**DATA SEGMENT**
:::

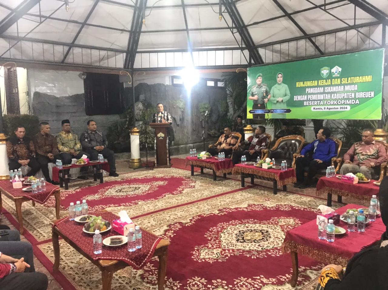 Dalam sambutannya, Pj. Bupati Bireuen Aylia Sofyan mengucapkan selamat datang dan terima kasih atas kunjungan Pangdam IM dan rombongan di Kab. Bireuen, kami merasa terhormat atas kunjungan Pangdam IM ke Kab. Bireuen, kami berharap dengan adanya kunjungan Pangdam IM dapat menjadi motivasi bagi kami serta bisa memberikan nasehat kepada kami agar lebih baik untuk kedepannya”.ucapnya.
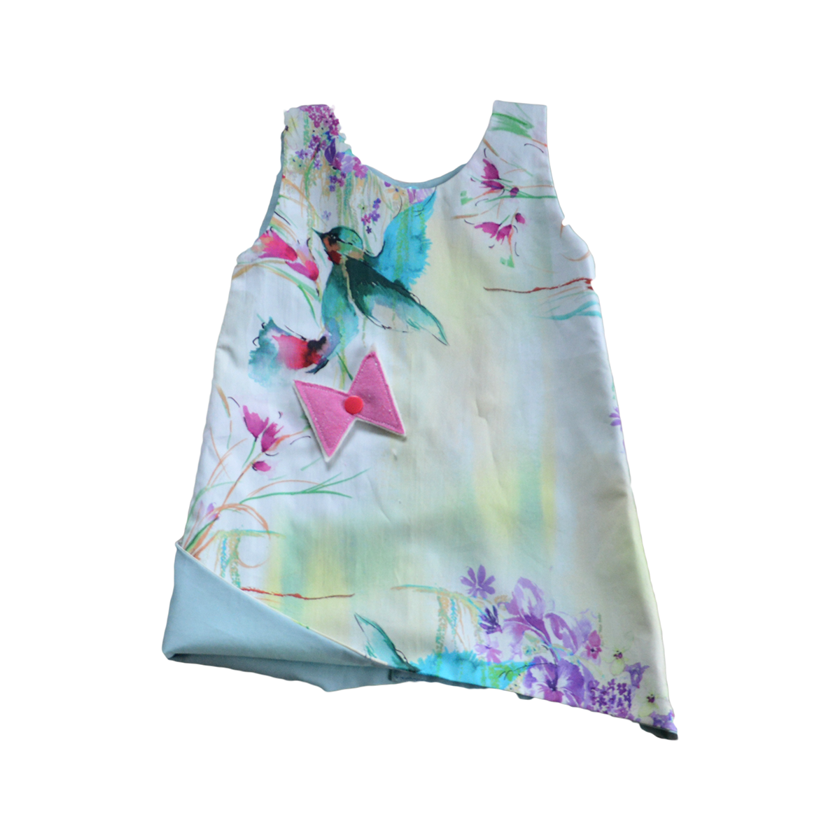 Les robes évasées sont ajustables en longueur grâce aux boutons pression situés au niveau des épaules et aux pans de la robe. Elles se portent facilement avec un t-shirt, un sous-pull, un gilet sans manches et aussi sur un sarouel.
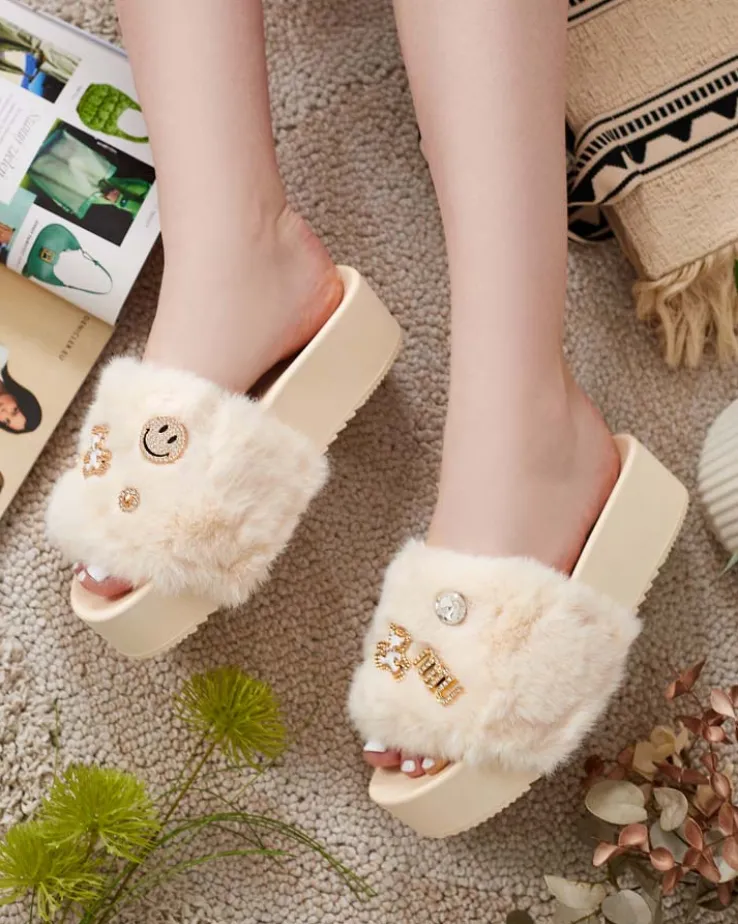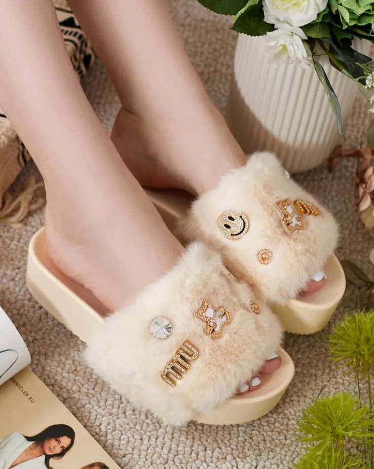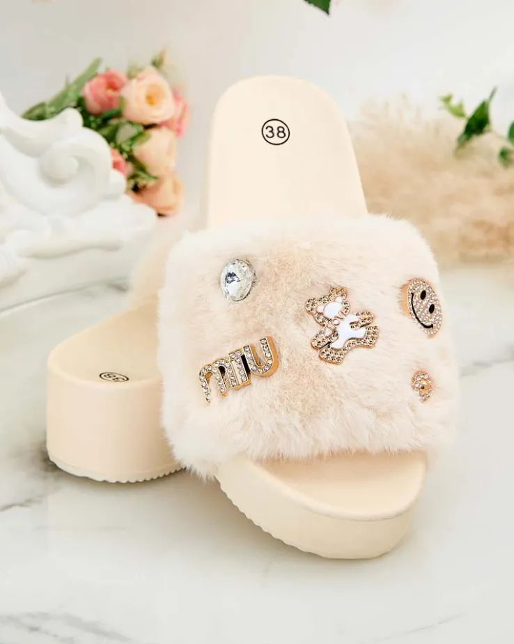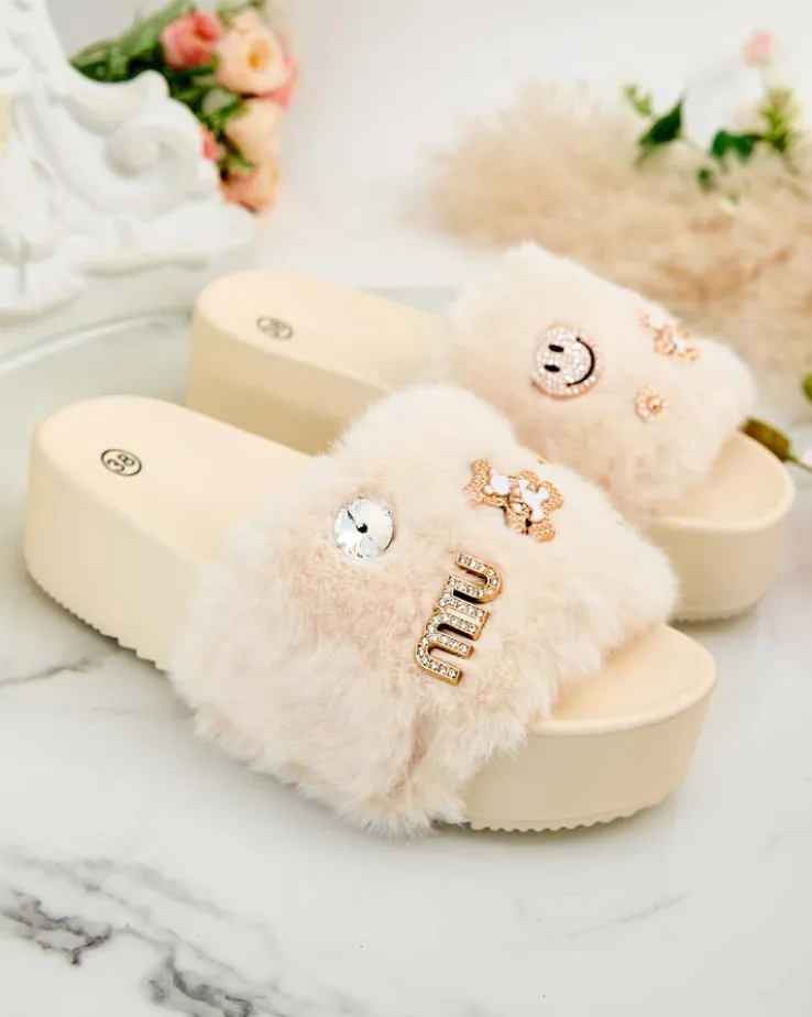 - Klapki damskie wykonane z eko skórzanej wkładki i futerkowej cholewki. Platforma i ozdoby na paseczku dodają uroku i charakteru. Ciesz się wygodą i stylem zabierając te obuwie na wakacje!

:::

**TASK ITEM**
Repeat the material above word for word, please, apart from its images.

**ANSWER TO THE EXERCISE**
 Dalam sambutannya, Pj. Bupati Bireuen Aylia Sofyan mengucapkan selamat datang dan terima kasih atas kunjungan Pangdam IM dan rombongan di Kab. Bireuen, kami merasa terhormat atas kunjungan Pangdam IM ke Kab. Bireuen, kami berharap dengan adanya kunjungan Pangdam IM dapat menjadi motivasi bagi kami serta bisa memberikan nasehat kepada kami agar lebih baik untuk kedepannya”.ucapnya.
 Les robes évasées sont ajustables en longueur grâce aux boutons pression situés au niveau des épaules et aux pans de la robe. Elles se portent facilement avec un t-shirt, un sous-pull, un gilet sans manches et aussi sur un sarouel.
 - Klapki damskie wykonane z eko skórzanej wkładki i futerkowej cholewki. Platforma i ozdoby na paseczku dodają uroku i charakteru. Ciesz się wygodą i stylem zabierając te obuwie na wakacje!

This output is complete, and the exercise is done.